Here is the breakdown of their solution, explained simply:

The Two Big Problems

The "Popular vs. Obscure" Problem (Task 1):
Imagine a library where 99% of the books are about "The Common Cold," but there is only one book about "Rare Jungle Fever." If you train a student by just reading the library, they will become an expert on colds but will fail miserably at Jungle Fever. In medical terms, this is called a Long-Tailed Distribution.

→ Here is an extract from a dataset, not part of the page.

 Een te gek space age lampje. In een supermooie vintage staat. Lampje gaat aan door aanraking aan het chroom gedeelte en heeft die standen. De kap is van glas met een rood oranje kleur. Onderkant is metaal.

The AI naturally ignores the rare diseases because it sees them so rarely.
The "Ghost Disease" Problem (Task 2):
Now, imagine the student is asked to identify a disease they have never seen before and for which they have zero textbooks. They can't study it; they just have to guess based on what they know about anatomy and language. This is called Zero-Shot Learning.

The Solution: Two Different Toolkits

The team built two separate "brains" to handle these two problems.

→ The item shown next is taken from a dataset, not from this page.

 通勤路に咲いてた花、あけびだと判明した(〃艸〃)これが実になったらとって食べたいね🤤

🛠️ Toolkit 1: The "Fair Teacher" (For Task 1)

Goal: Make the AI pay attention to the rare diseases without forgetting the common ones.

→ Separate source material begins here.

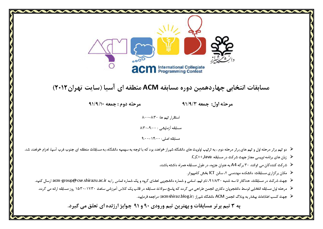 به اطلاع می رساند کارسوق آموزشی ACM جهت افزایش آمادگی نمایندگان دانشگاه شیراز در مسابقات منطقه ای غرب آسیا(سایت تهران) 2012 با تدریس آقای پویا ظفر اسدالله پور(عضو تیم PMP، قهرمان مسابقات منطقه ای ACM سال های 2011 و 2010) در تاریخ 10/9/91 از ساعت 8:30 تا 17برگزار می گردد.

The Analogy: Imagine a teacher who notices the students are only studying the popular chapters. To fix this, the teacher gives the rare chapters extra credit and forces the students to spend more time on them.
How they did it:
- Reweighting: They told the AI, "If you get a rare disease right, you get a huge reward. If you get a common one right, it's just a small reward." This forces the AI to care about the rare stuff.
- Sampling: They made the AI look at images with rare diseases more often, almost like making the student read the rare book five times while only reading the common book once.
- The "Normal" Check: They added a safety net. If the AI is 99% sure the X-ray is "Normal," it automatically lowers the scores for all diseases. This stops the AI from hallucinating diseases where there are none.
- The Ensemble: They didn't just use one AI; they trained two slightly different versions and asked them to vote on the answer. It's like asking two experts for a second opinion to be sure.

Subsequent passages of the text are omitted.